Transcribe only the part of the material below that begins at the line containing "Barns for conversion, Newport, TF10 9BA" and ends at the line containing "Sailing Directions e-NP", with both kept and images left out.

### EXERCISE MATERIALS

◇ ◇ ◇ ◇

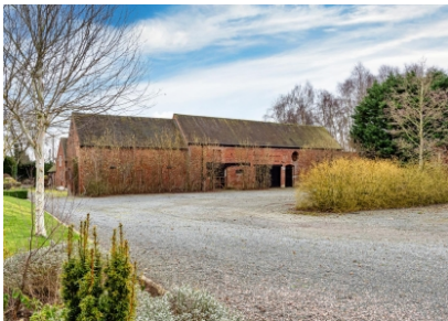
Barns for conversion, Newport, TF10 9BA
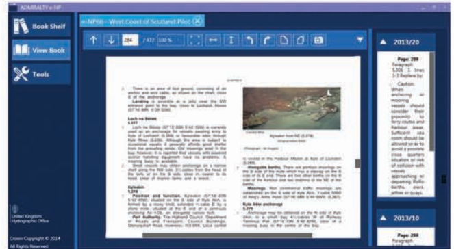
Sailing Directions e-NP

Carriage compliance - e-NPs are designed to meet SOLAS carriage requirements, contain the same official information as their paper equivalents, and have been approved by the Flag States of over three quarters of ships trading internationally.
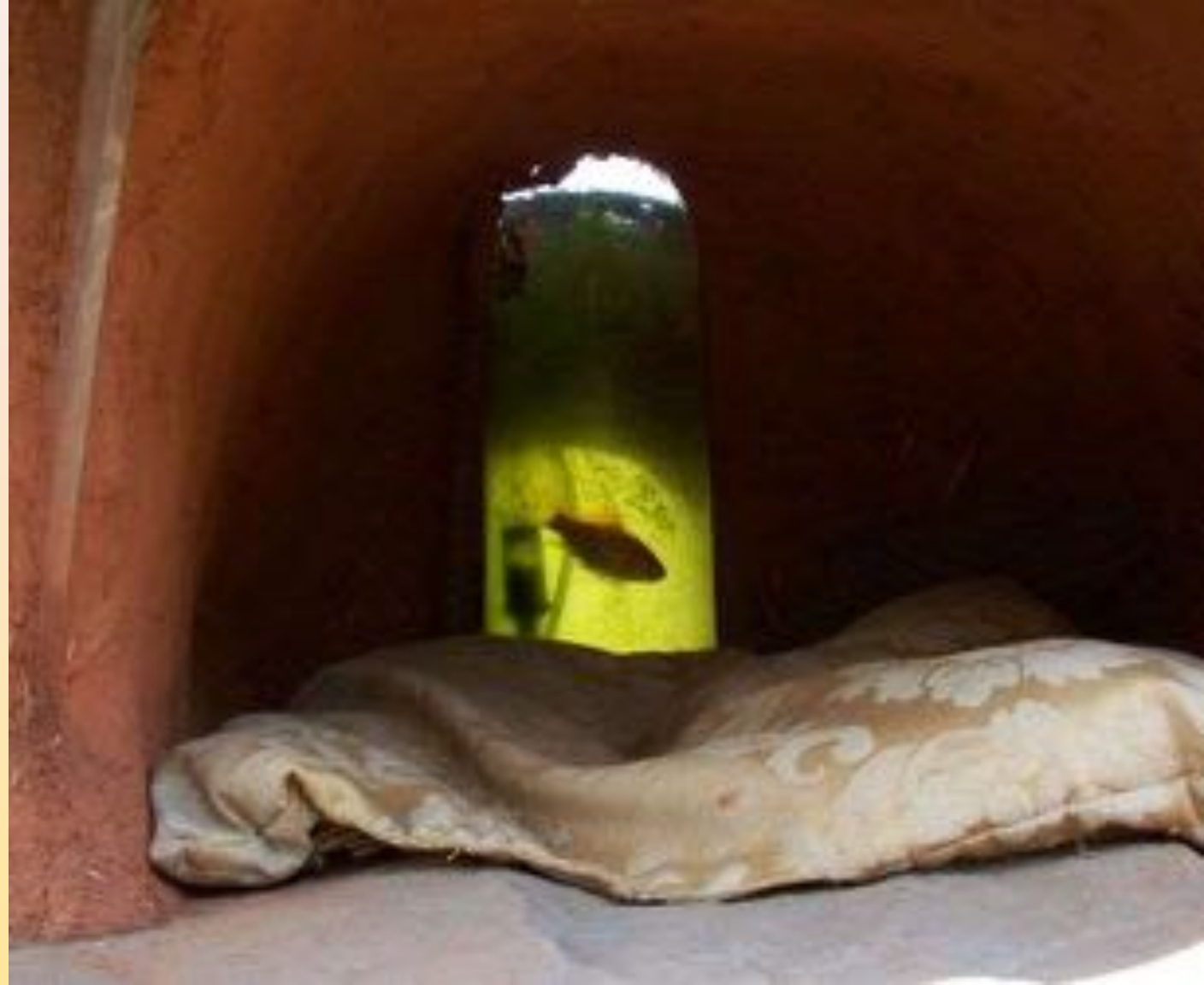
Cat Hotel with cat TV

◇ ◇ ◇ ◇

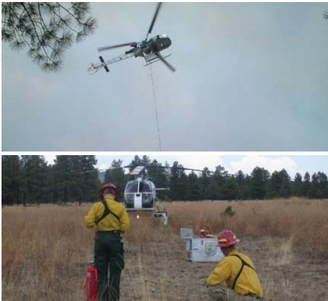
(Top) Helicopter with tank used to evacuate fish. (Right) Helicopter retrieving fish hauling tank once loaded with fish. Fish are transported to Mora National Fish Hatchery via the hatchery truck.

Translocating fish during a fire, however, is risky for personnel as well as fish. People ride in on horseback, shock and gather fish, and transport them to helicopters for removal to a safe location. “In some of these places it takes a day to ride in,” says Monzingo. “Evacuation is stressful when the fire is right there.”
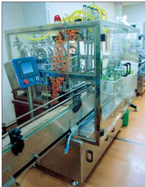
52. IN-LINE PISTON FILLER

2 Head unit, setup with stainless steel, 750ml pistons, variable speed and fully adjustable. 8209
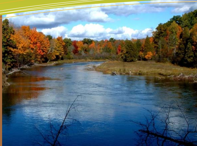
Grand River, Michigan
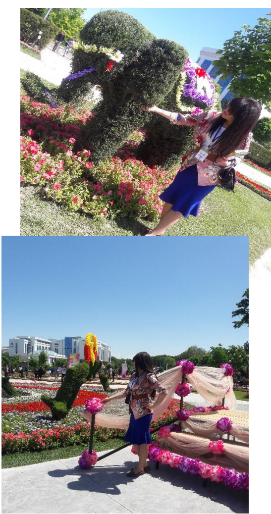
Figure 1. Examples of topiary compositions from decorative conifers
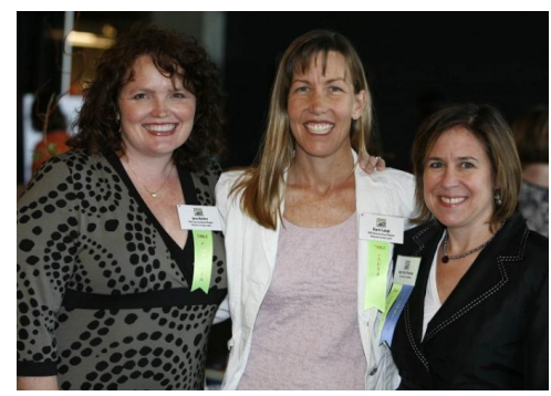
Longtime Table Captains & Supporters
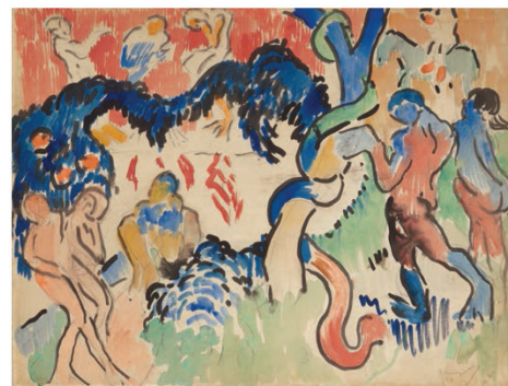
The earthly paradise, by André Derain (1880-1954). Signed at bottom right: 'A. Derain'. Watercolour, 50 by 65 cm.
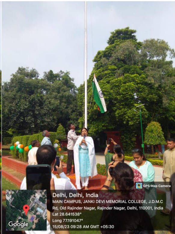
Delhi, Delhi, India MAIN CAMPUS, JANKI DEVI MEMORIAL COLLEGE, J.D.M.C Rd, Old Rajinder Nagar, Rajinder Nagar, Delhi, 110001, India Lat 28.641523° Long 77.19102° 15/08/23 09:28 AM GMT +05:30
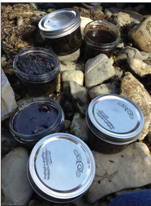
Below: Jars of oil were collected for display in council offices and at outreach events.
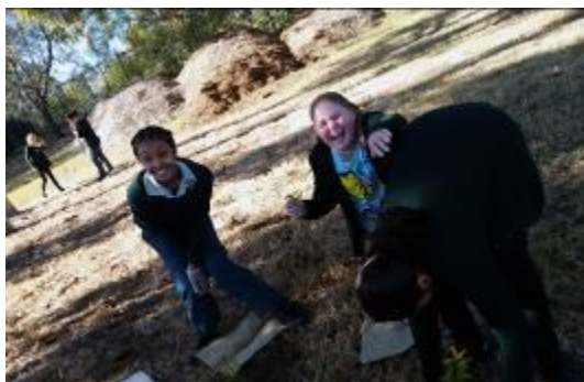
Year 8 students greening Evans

◇ ◇ ◇ ◇

### PROBLEM SOLUTION
Barns for conversion, Newport, TF10 9BA
Sailing Directions e-NP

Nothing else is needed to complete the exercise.